The good news for Australia is that this highly subsidised and ineffective form of Green inspired visual pollution will be non-existent within ten years.

The report [available here] found that by 10 years of age, the output of an average wind turbine will have declined by a third … and by 12 years of age it will be uneconomic to recondition the moving parts.

The bad news for Australia, if they intend to persist with this windmill madness, is that they will all reach their maximum life span at the same time!

Bloody thousands and thousands of these hideous, noisy monstrosities will all need to be replaced at once, and guess what? Investors will have headed for the hills because all those delicious subsidies will have disappeared like Christine Milne and it will cost governments (again you and me) a motza to dismantle and dump the things in the ocean as fish reefs.

They will become worthless bits of metal and plastic no other industry can possibly use. The government of the day will no doubt keep one turbine in a museum somewhere as an artifact so schoolchildren can be shown just how stupid the Greens really are.

South Australia, which has the highest cost of electricity in the nation and the most wind turbines per capita, has saved 4% of their rated capacity in fossil fuels at a cost of $1,484 per ton. That’s roughly $1,474 per ton more expensive than Europe’s current carbon credit price.

The cost of these commercial white elephants, that must eventually be destroyed, is between a highly subsidised $350,000 and $1.3 million each…and the temperature of the globe hasn’t shifted one thousandth of a degree.

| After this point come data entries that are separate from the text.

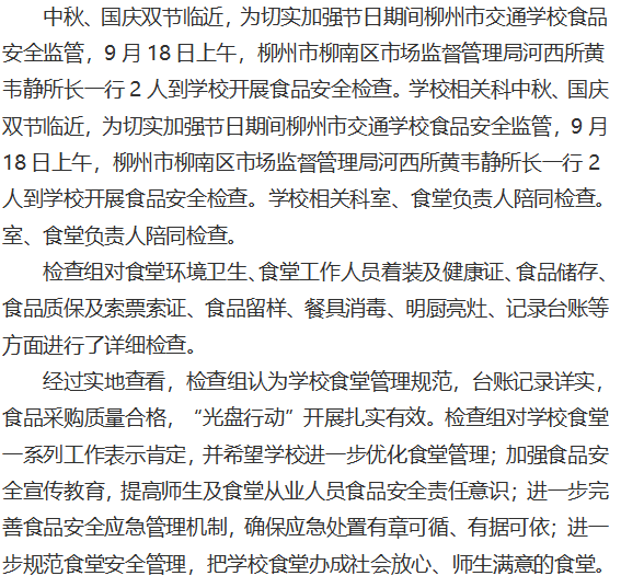 柳州市柳南区市场监督管理局到学校开展食品安全检查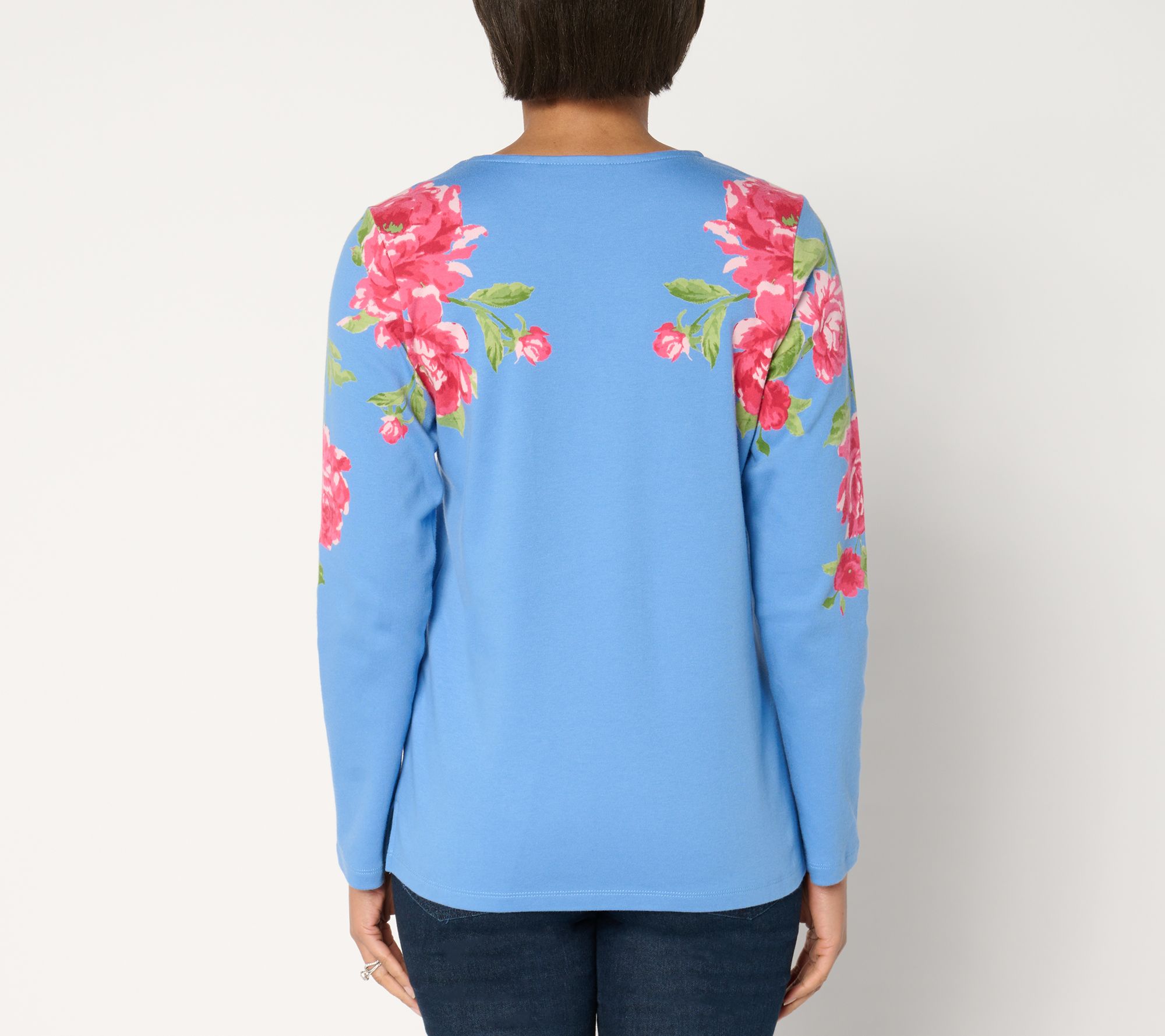 "As Is" Quacker Factory Winter Rose Garden Embellished Top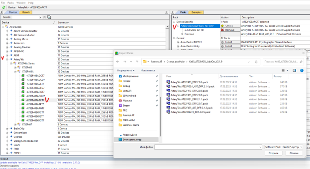 Итак, запускаем Keil. Нажимаем Pack installer. Далее Import Packs, находим расположение папки Keil5_AT32MCU_AddOn_V2.1.9. Выбираем наш МК и нажимаем "Открыть". В итоге получаем такую картинку: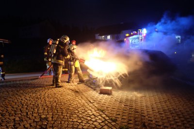 Die Feuerwehren Vorderweissenbach (UU) und Piberschlag (RO) kooperierten bei der Bergung von Sauerstoffflaschen und Fahrzeugen.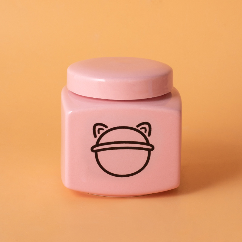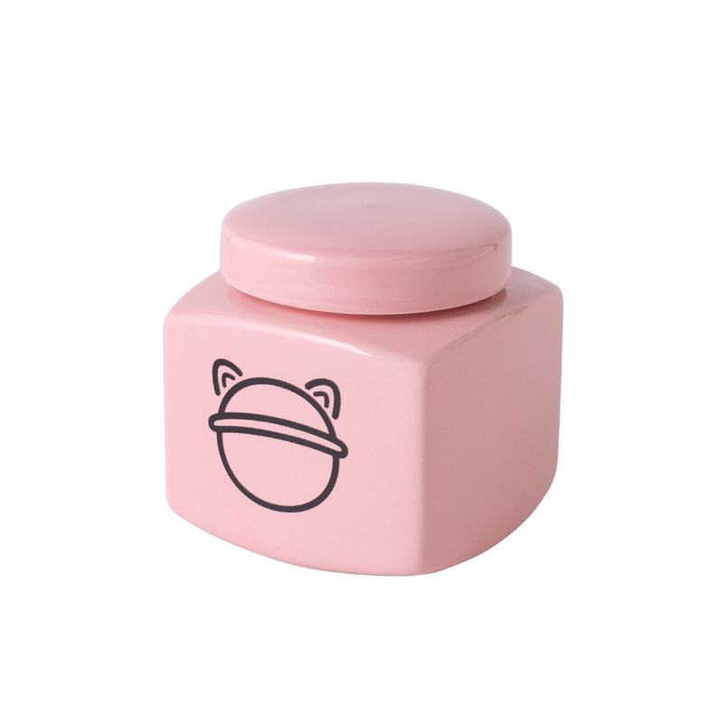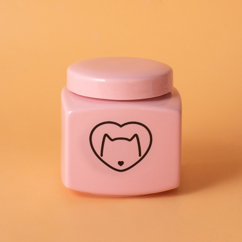 square funeral urn (pink) (black love cat head)

Stand underneath a wind turbine that is typically 120 metres tall and try to imagine how our beautiful countryside once looked.

But that’s a visual and noise pollution that will never disadvantage the Greens, oh no, they’ll be happily sipping their lattes in leafy green inner suburbs.

Only two forms of energy can replace the Greens’ hated coal, and neither is wind or solar.

The only freely available clean forms of energy are hydro and nuclear but the Greens refuse to allow dams to be built while frogs need protecting and uranium evokes Green paranoia. Funny eh?